### DATA SEGMENT

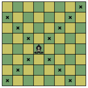 يتحرك الفيل على الرقعة بشكل قطري في كافة الاتجاهات ولا يمكنه القفز فوق القطع الأخرى. ويأسر القطع المعادية بالحلول محلها. ويميز الفيل عادة بالجهة التي يلعي فيها من الرقعة فنتيجة لموقعه يشار إليه عادة باسم فيل الملك أو فيل الوزير. زمع أن الفيل من القطع القوية إلا أنه يعتير أضعف من القلعة حيث أن الفيل يمكنه الوصول إلى 32 مربع في الرقعة بينما القلعة يمكنها الوصول إلى 64 مربع في الرقعة. وفي حين أن الفيل يمكنه أن يهدد 7 إلى 13 مربعا على رقعة فارغة (اعتمادا علو موقعه على الرقعة) فإن القلعة يمكنها تهديد 14 مربع. وعادة فإن قيمة القلعة تساوي قيمة الفيل زائد قيمة جنديين.
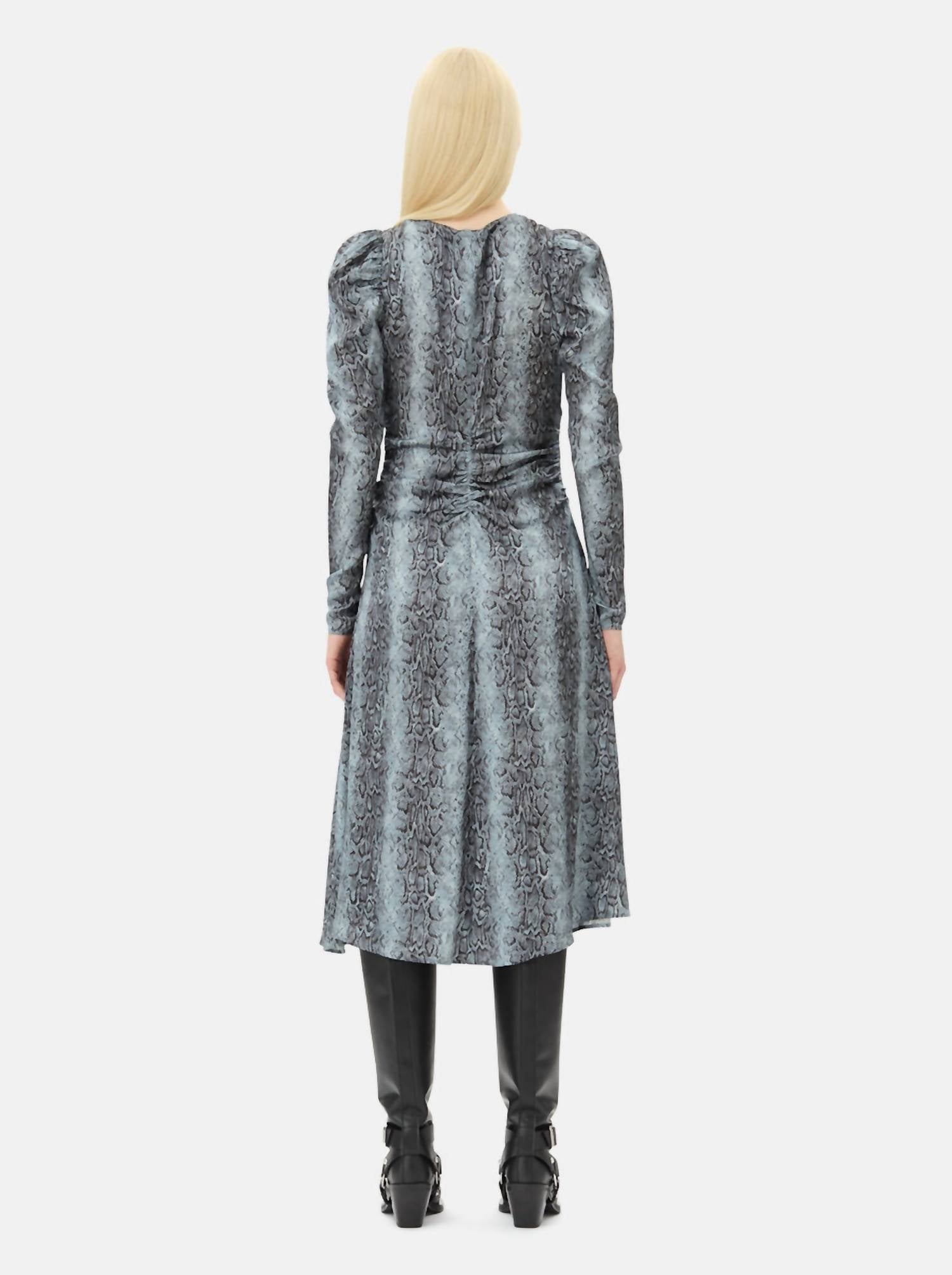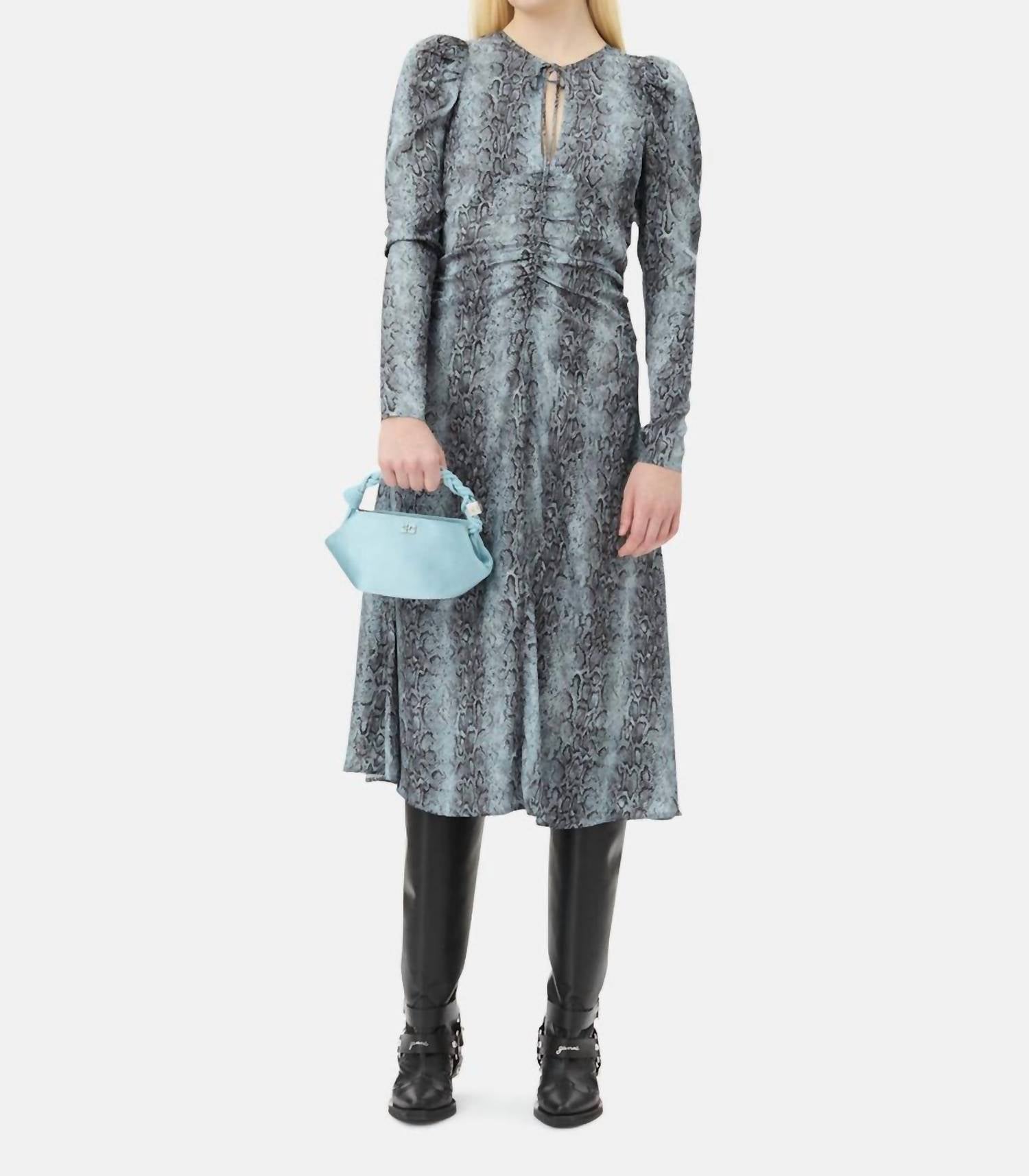 Bonito e confortável, este vestido de manga longa tem tudo. Vestido azul-celeste chique e estiloso. Apresenta elegantes mangas longas bufantes e um decote em V elegante com detalhe de gravata. Acentuado por franzidos ao longo do corpete para uma silhueta sofisticada. Confeccionado em uma mistura de 51% Viscose e 49% Elastano. Projetado para conforto com fecho de pressão. Fabricado na Turquia. Lavar à mão com água fria para manter sua aparência requintada.
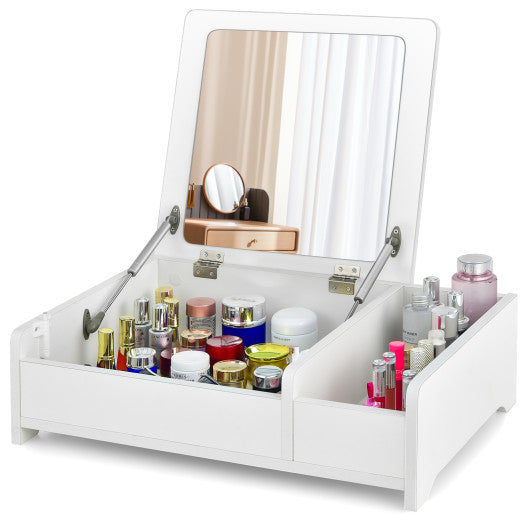 This space-saving countertop vanity table with a flip-top mirror is perfect for your daily makeup! Featuring a large hidden compartment and side open shelf this makeup table can store and organize most of your cosmetics jewelry skin care products etc. which can keep your desktop clean and tidy. The flip top mirror enables you to use this table as a dressing table or laptop desk conveniently. Besides the strong pneumatic rod and buffer device makes the mirror flip up and down smoothly and quietly. Made of premium engineered wood and glass our vanity table ensures excellent stability and long-lasting use. This multifunctional makeup vanity can organize your countertops and is suitable to be used in your bedroom study room apartment or bay window. Flip-top mirror is great for you to check your makeup and hairstyle Heavy duty pneumatic rod ensures smooth and silent lifting up/down High quality engineered wood ensures great stability and durability A large hidden compartment beneath the top for dust-free storage The side open compartment perfectly stores your often-used items Spacious tabletop allows you to put your laptop cup magazine etc Premium metal hinge and buffer device reduce noise and avoid bumping Can be placed on the dresser writing desk office desk to use Suitable for the bedroom closet living room study room and more Smooth and waterproof surface is easy to clean with damp cloth Complete hardware and clear instruction for easy assembly
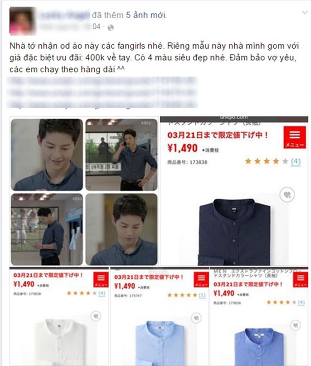 Do đó, thay vì mua hàng "xịn", nhiều chủ hàng tại Việt Nam thay thế bằng sản phẩm có thiết kế khá tương tự của Uniqlo. Chiếc áo này được rao bán với giá 400.000 đồng, cao hơn một chút so với giá niêm yết của sản phẩm là 1.490 yên Nhật (tương đương 300.000 đồng).

######

→ THE PROBLEM
Skip the pictures and restate exactly the lines from the beginning of the listing to the line with "Bonito e confortável, este", that line included.

→ ANSWER TO THE PROBLEM
 يتحرك الفيل على الرقعة بشكل قطري في كافة الاتجاهات ولا يمكنه القفز فوق القطع الأخرى. ويأسر القطع المعادية بالحلول محلها. ويميز الفيل عادة بالجهة التي يلعي فيها من الرقعة فنتيجة لموقعه يشار إليه عادة باسم فيل الملك أو فيل الوزير. زمع أن الفيل من القطع القوية إلا أنه يعتير أضعف من القلعة حيث أن الفيل يمكنه الوصول إلى 32 مربع في الرقعة بينما القلعة يمكنها الوصول إلى 64 مربع في الرقعة. وفي حين أن الفيل يمكنه أن يهدد 7 إلى 13 مربعا على رقعة فارغة (اعتمادا علو موقعه على الرقعة) فإن القلعة يمكنها تهديد 14 مربع. وعادة فإن قيمة القلعة تساوي قيمة الفيل زائد قيمة جنديين.
 Bonito e confortável, este vestido de manga longa tem tudo. Vestido azul-celeste chique e estiloso. Apresenta elegantes mangas longas bufantes e um decote em V elegante com detalhe de gravata. Acentuado por franzidos ao longo do corpete para uma silhueta sofisticada. Confeccionado em uma mistura de 51% Viscose e 49% Elastano. Projetado para conforto com fecho de pressão. Fabricado na Turquia. Lavar à mão com água fria para manter sua aparência requintada.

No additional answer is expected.